» **Data to use**:
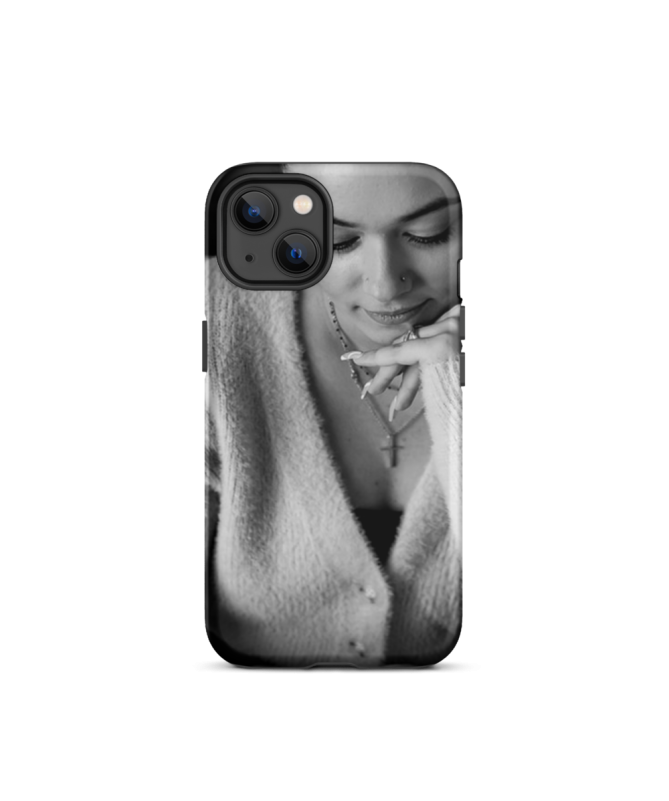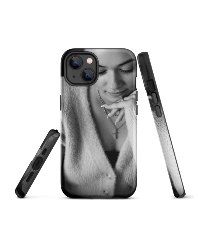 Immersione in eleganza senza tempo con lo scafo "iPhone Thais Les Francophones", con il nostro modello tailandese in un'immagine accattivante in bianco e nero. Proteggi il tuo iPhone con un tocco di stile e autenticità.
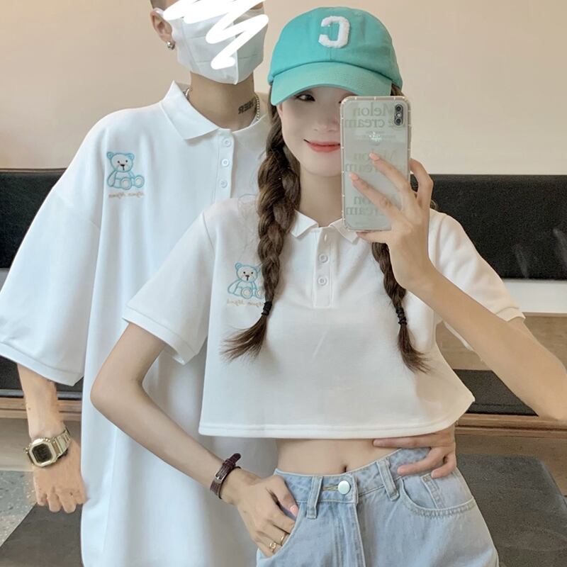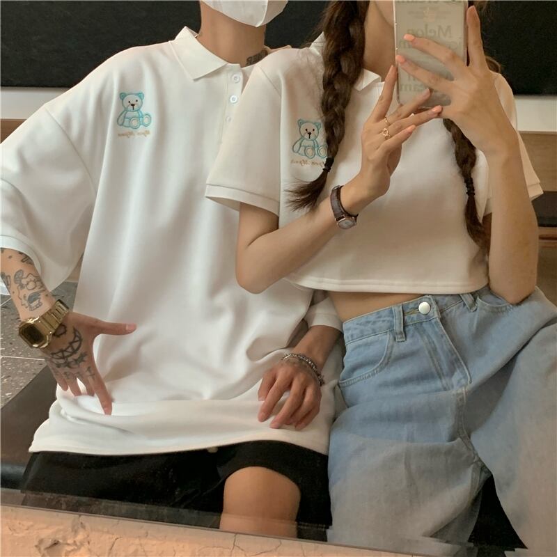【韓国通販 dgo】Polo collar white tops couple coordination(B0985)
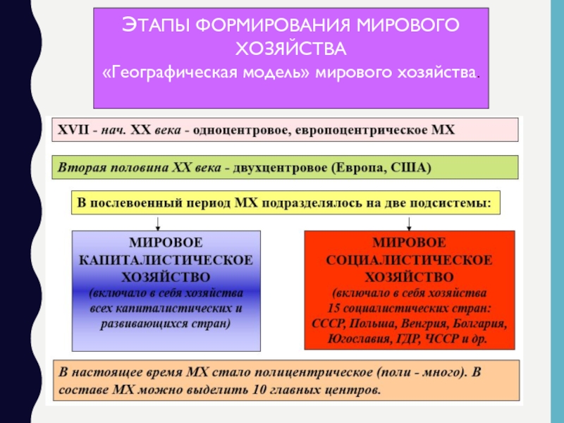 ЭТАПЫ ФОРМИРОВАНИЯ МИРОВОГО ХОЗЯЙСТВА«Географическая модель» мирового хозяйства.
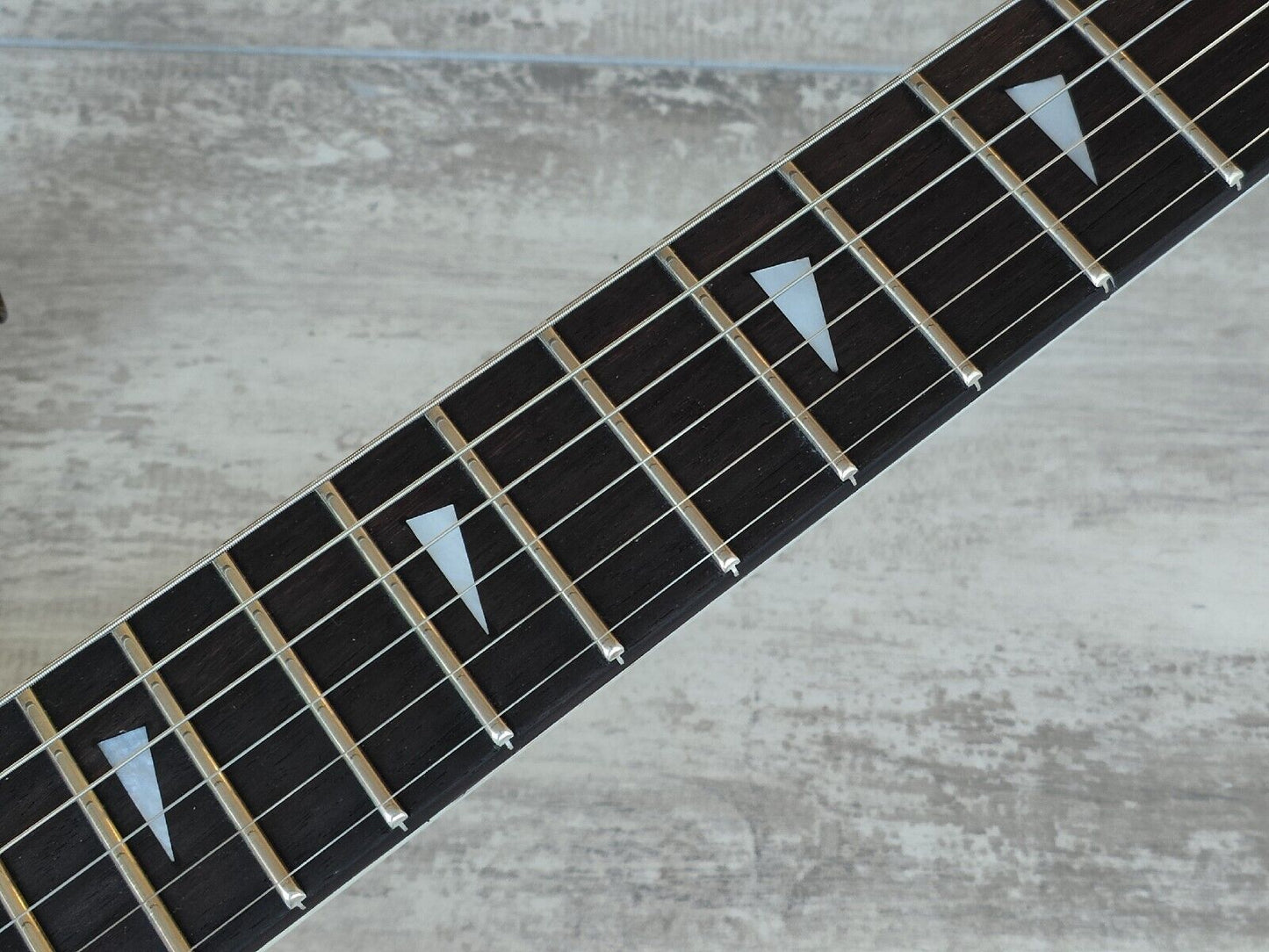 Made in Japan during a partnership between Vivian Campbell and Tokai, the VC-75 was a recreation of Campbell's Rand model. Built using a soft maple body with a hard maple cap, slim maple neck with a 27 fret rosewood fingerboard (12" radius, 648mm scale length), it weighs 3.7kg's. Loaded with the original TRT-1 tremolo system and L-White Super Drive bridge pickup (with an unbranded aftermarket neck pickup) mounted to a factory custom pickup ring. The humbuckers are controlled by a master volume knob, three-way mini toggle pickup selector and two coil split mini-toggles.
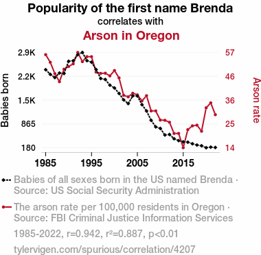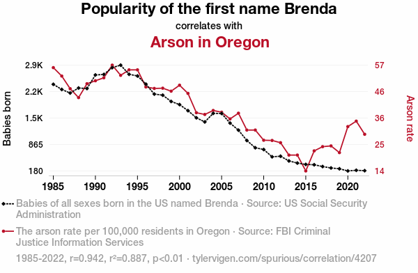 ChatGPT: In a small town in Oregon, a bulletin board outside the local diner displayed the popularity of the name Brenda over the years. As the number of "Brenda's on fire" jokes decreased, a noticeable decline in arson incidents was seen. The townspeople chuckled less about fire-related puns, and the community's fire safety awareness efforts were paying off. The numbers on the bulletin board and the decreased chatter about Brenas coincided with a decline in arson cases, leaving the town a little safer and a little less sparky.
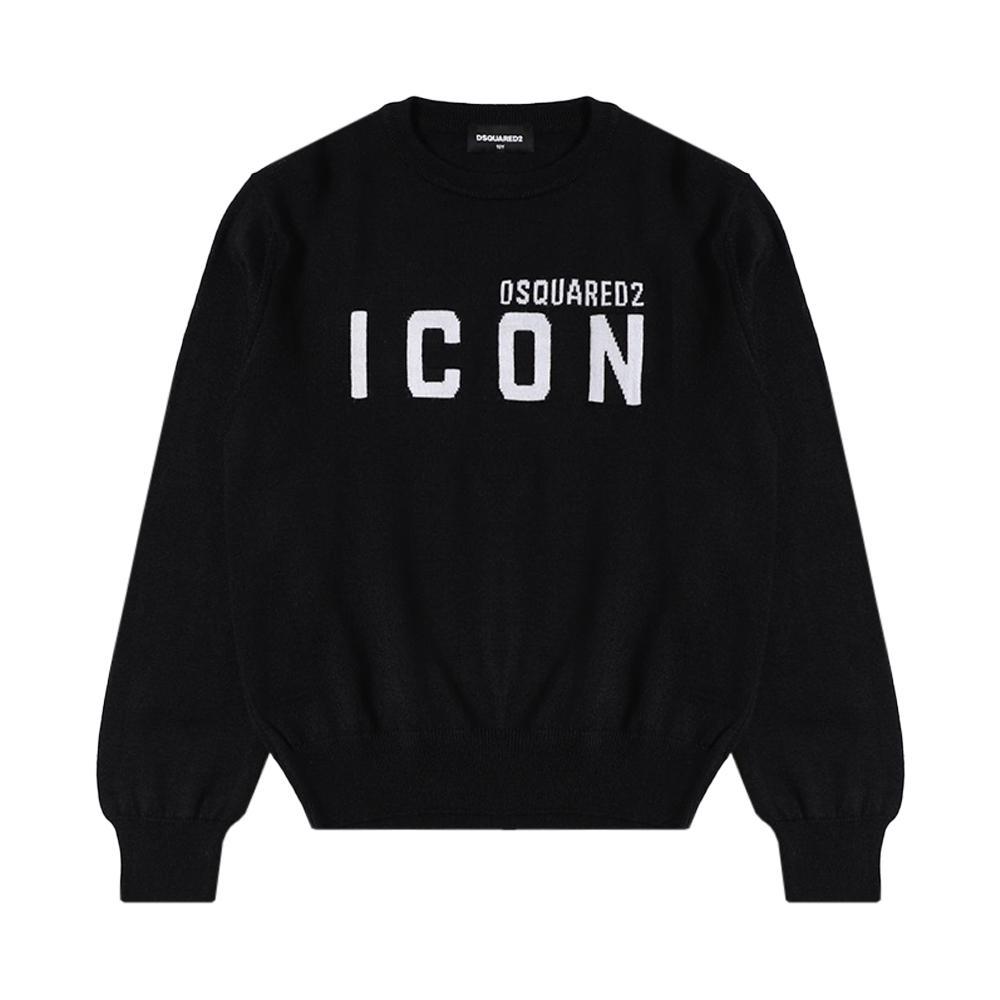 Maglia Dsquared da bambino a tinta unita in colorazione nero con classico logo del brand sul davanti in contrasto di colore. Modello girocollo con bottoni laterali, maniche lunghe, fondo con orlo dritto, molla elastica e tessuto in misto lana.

--

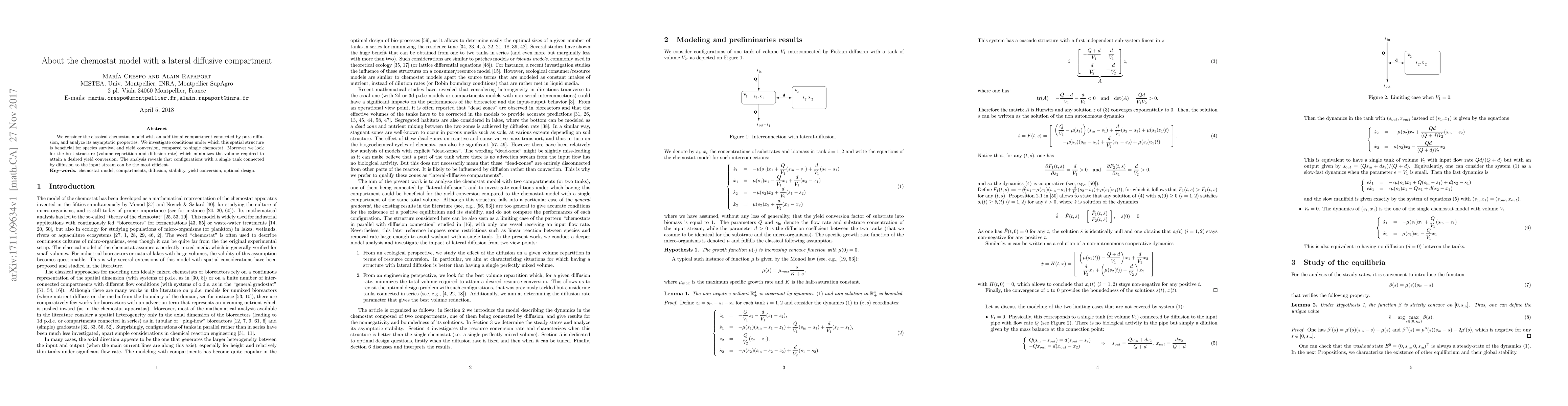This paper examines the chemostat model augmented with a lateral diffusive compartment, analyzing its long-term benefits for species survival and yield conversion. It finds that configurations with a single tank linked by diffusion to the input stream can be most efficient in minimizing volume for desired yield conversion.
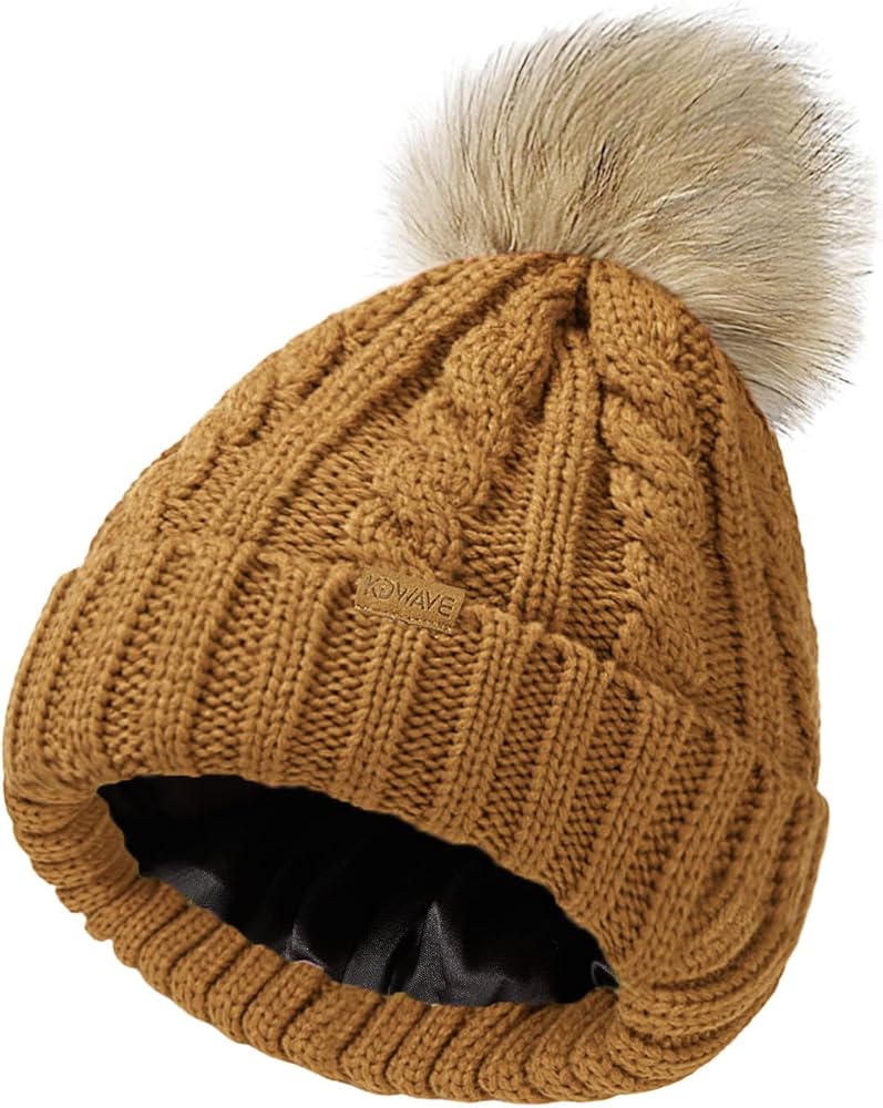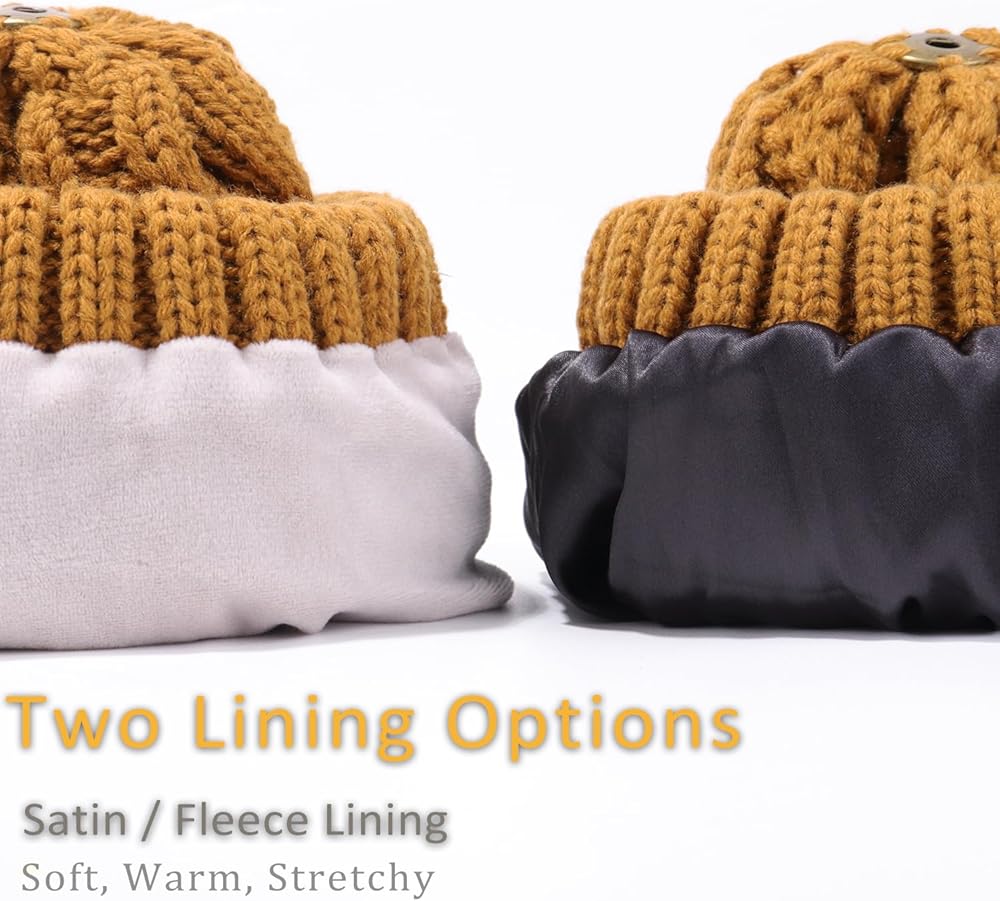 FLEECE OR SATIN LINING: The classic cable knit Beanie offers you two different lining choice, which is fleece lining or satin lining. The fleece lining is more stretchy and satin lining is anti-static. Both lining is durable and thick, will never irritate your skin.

---

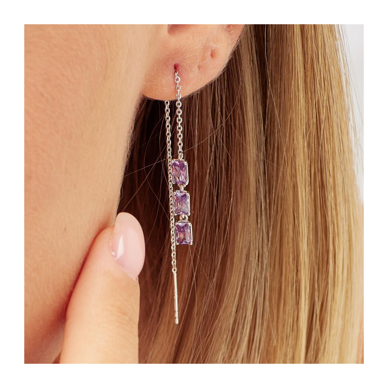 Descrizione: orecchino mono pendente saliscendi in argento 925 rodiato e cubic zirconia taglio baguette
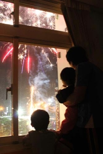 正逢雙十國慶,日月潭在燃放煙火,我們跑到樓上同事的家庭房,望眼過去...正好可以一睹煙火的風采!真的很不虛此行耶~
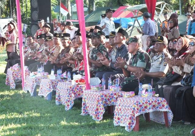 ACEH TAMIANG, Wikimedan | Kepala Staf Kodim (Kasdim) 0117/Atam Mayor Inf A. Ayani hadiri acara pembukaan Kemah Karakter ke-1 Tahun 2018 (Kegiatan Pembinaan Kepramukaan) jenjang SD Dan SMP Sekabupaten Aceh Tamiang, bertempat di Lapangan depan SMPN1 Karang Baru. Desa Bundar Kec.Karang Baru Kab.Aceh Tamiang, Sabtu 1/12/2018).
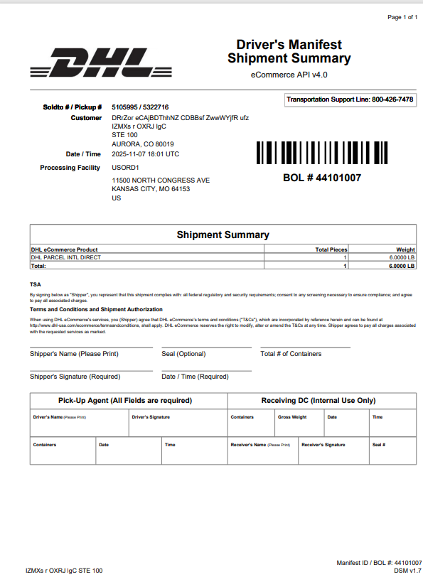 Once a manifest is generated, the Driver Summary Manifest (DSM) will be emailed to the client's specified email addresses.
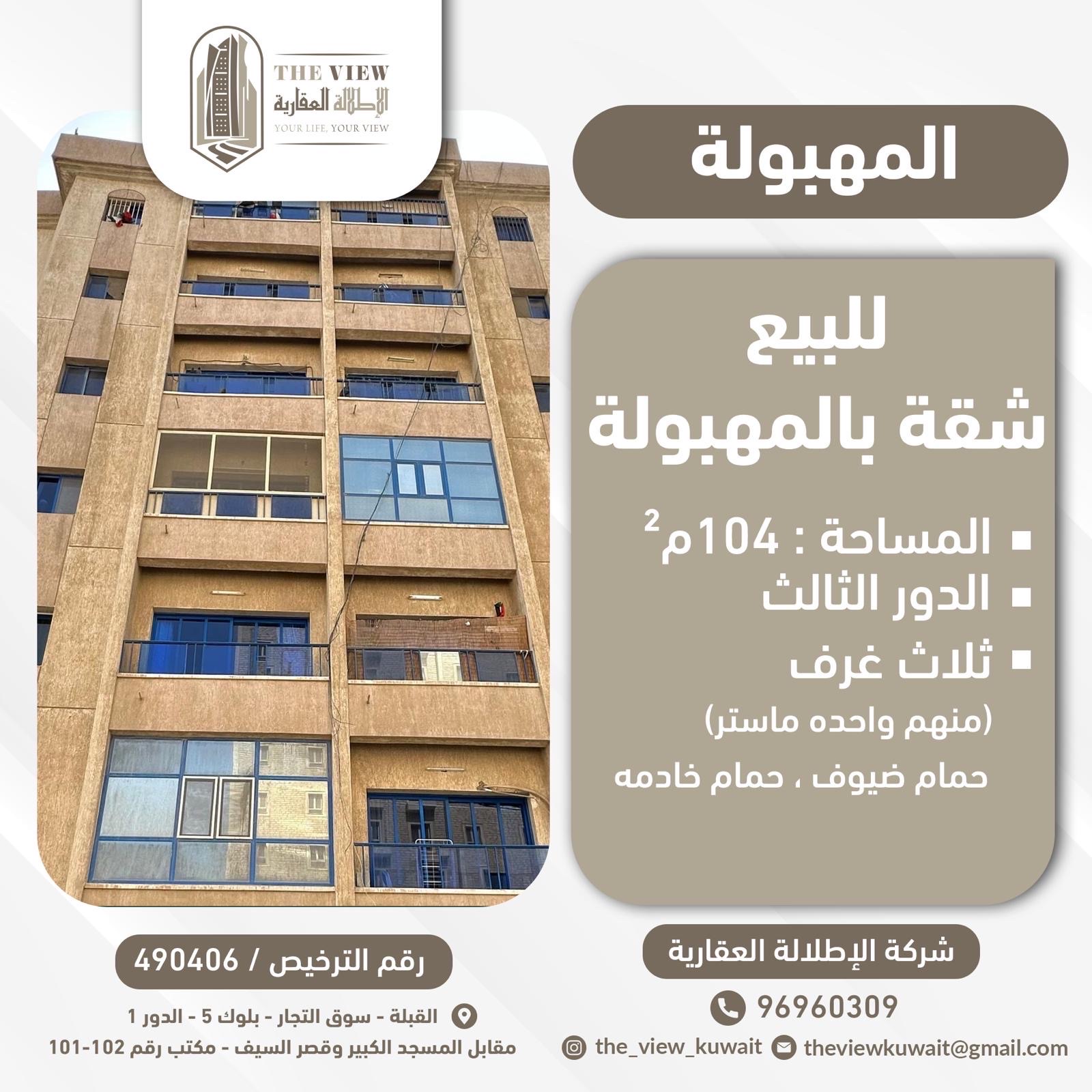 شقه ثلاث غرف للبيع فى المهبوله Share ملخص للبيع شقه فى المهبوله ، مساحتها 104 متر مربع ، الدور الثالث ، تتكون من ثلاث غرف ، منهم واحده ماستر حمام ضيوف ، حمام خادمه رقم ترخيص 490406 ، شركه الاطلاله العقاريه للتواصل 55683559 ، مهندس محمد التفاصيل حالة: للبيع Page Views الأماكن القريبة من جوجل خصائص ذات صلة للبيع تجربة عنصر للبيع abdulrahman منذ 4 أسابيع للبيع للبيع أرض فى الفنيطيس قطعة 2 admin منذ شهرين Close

» **Exercise instructions**: Above are the records. Copy only the lines from the one with "Once a manifest" through the one with "شقه ثلاث غرف", exactly, with no pictures.

» **Finished task**:
 Once a manifest is generated, the Driver Summary Manifest (DSM) will be emailed to the client's specified email addresses.
 شقه ثلاث غرف للبيع فى المهبوله Share ملخص للبيع شقه فى المهبوله ، مساحتها 104 متر مربع ، الدور الثالث ، تتكون من ثلاث غرف ، منهم واحده ماستر حمام ضيوف ، حمام خادمه رقم ترخيص 490406 ، شركه الاطلاله العقاريه للتواصل 55683559 ، مهندس محمد التفاصيل حالة: للبيع Page Views الأماكن القريبة من جوجل خصائص ذات صلة للبيع تجربة عنصر للبيع abdulrahman منذ 4 أسابيع للبيع للبيع أرض فى الفنيطيس قطعة 2 admin منذ شهرين Close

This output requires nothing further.